Espèce de sous-entrepreneur qui se charge d’accomplir une tâche dans des conditions de prix et de temps avantageant le patron ou l’entrepreneur direct qui se trouve, ainsi en dehors des multiples soucis de surveillance et d’observation ; de l’embauchage et du débauchage des ouvriers ; d’évaluations diverses de la main-d’œuvre et de la répartition équitable des salaires ; Le petit et le grand Larousse ignorent tout cela, sans doute et n’en disent pas davantage sur ce mot. Il y aurait pourtant beaucoup à dire.

Les ouvriers du bâtiment : charpentiers, maçons, peintres, etc., savent mieux que personne ce qu’on doit penser des individus désignés par ce nom de tâcherons.

Ils ne sont pas seulement les entrepreneurs ou, plus exactement, les sous-entrepreneurs d’un travail ou même de plusieurs travaux à forfait : ils sont les intermédiaires entre le patron ou l’entrepreneur et les ouvriers. Leur but n’est pas de vouloir simplifier l’exécution du travail à l’avantage de l’ouvrier, mais au contraire de débarrasser l’entrepreneur de multiples soucis et tout particulièrement de celui d’exploiter, de pressurer, de voler ignoblement les salariés ; ils s’en chargent pour lui.

Les travailleurs de beaucoup d’autres corporations ont dû lutter et luttent encore contre le tâcheron.

Les ouvriers terrassiers ont énergiquement combattu ces sortes de jaunes sur les chantiers.

Les dockers ont eu, également, à combattre ce fléau. On ne peut pas énumérer toutes les grèves dont les tâcherons ont été la cause par les injustices et les façons inqualifiables d’agir dont ils illustraient leur tyrannie. On ne peut dire ici les drames sociaux auxquels donnent lieu les provocations de ces louches et lâches individus, capables de tout pour maintenir leur influence auprès des patrons et leur autorité néfaste sur les exploités, lesquels ont toujours sujet de se plaindre et de se révolter.

Aussi, ne faut-il pas m’étonner si les syndicalistes ont maintes fois exercé ou préconisé contre le tâcheron la méthode salutaire de l’action directe justifiant éloquemment l’emploi utile de la chaussette à clous. C’est le seul raisonnement à tenir vis-à-vis de tels individus. Ils ont, d’ailleurs, fait état de ce risque pour décider les patrons à se confier à eux pour obtenir du travail (vite et mal fait) à un prix défiant toute concurrence, en toute tranquillité.
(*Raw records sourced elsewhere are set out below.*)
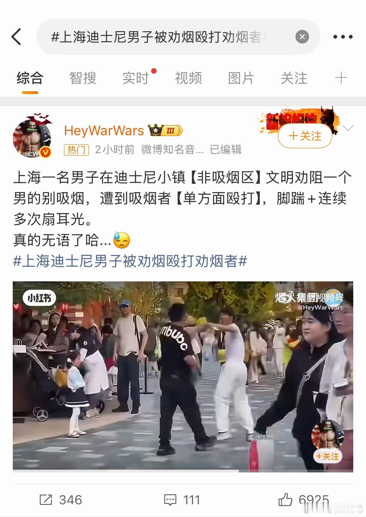 上海迪士尼男子被劝烟殴打劝烟者这话题读第一遍没读懂什么意思,又是因为吸烟引起的纠
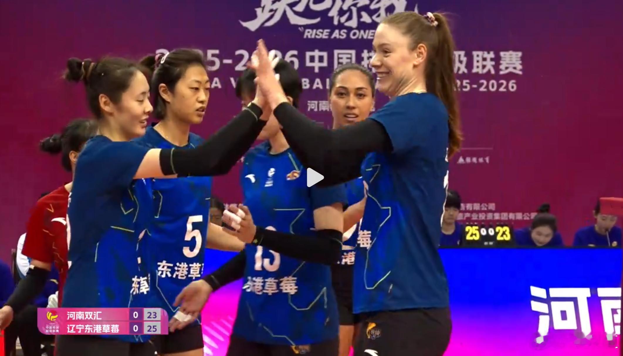 排超联赛2025-2026中国排球超级联赛好的开始是成功的一半 女排常规赛A级第12轮比赛,第一局:河南双汇23-25辽宁东港草莓。
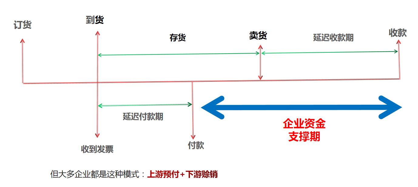 但,这是理想的状态,现实往往是上游要先打款,下游要赊账,企业中间要垫钱;
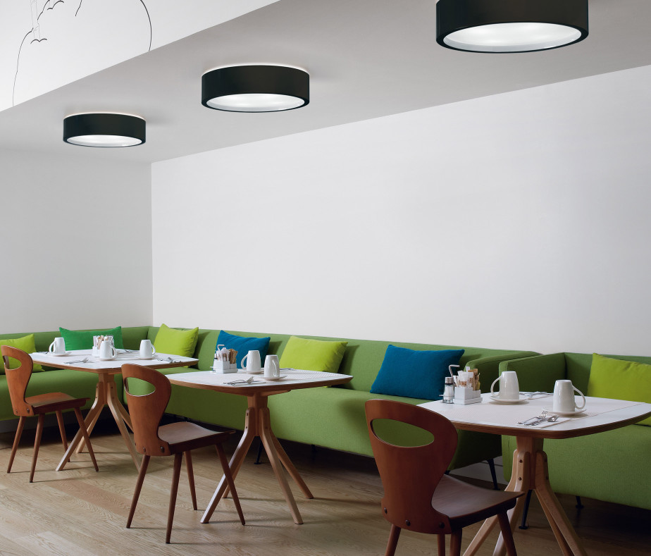 ELEA collection is an absolutely contemporary and non-temporal product because of its cylindrical and flat format. These products are made of polyurethane with a brilliant lacquered finish. The dimming versions have been created to offer a greater sense of comfort. Upper and bottom diffuser included. Elea collection is available in two sizes both for ceiling and pendant version.

Mais « à mauvaise paie, mauvais travail ». Tout ce qui n’émane pas de la volonté de bien faire de l’artisan et de l’ouvrier, de sa conscience et de son amour propre de métier s’approche fort du sabotage. Certains patrons l’ont compris, surtout s’ils ont été des ouvriers avant d’être des patrons. S’ils ont compris leur véritable intérêt, ils se passent du tâcheron. Le goût, l’orgueil, sagement raisonné, du travail bien fait, les incite à cela.

Le tâcheron est un gâte-métier, un salopard que nulle entreprise sérieuse, nul patron honnête, scrupuleux, intelligent n’emploiera.

Ainsi envisagé, le mot tâcheron n’est plus un substantif, mais un adjectif qualificatif pour désigner l’inqualifiable individu, l’égoïste, le faux frère qui trahit, pour son intérêt particulier, l’intérêt général de ses compagnons de travail, tout en trompant également ceux qui se servent de lui.

Le tâcheron est un produit stupide d’exploiteur, d’imbécillité patronale ou d’ignorance professionnelle.

Le tâcheron est exactement comparable à l’adjudant de semaine, chien de caserne ou de quartier qui, pour plaire à ses supérieurs par les galons, abuse des siens pour punir à tort et à travers les malheureux soldats sous ses ordres. Il en a la mentalité stupide et cruelle. La brutalité dont il fait preuve trop souvent envers les ouvriers qu’il domine, pressure, exploite odieusement, assimile la mentalité du tâcheron à celle du chaouch !

Adjudant, tâcheron, chaouch forment une trinité de qualificatifs appropriés à une même sorte d’individus en des milieux divers. Cette trilogie de brutes prétend également servir. Ils servent surtout à faire détester le système ou le régime dont ils sont les serviteurs ; tels maîtres, tels valets ! Mais les victimes ont le droit d’exécrer leurs bourreaux et le devoir de les supprimer à l’occasion.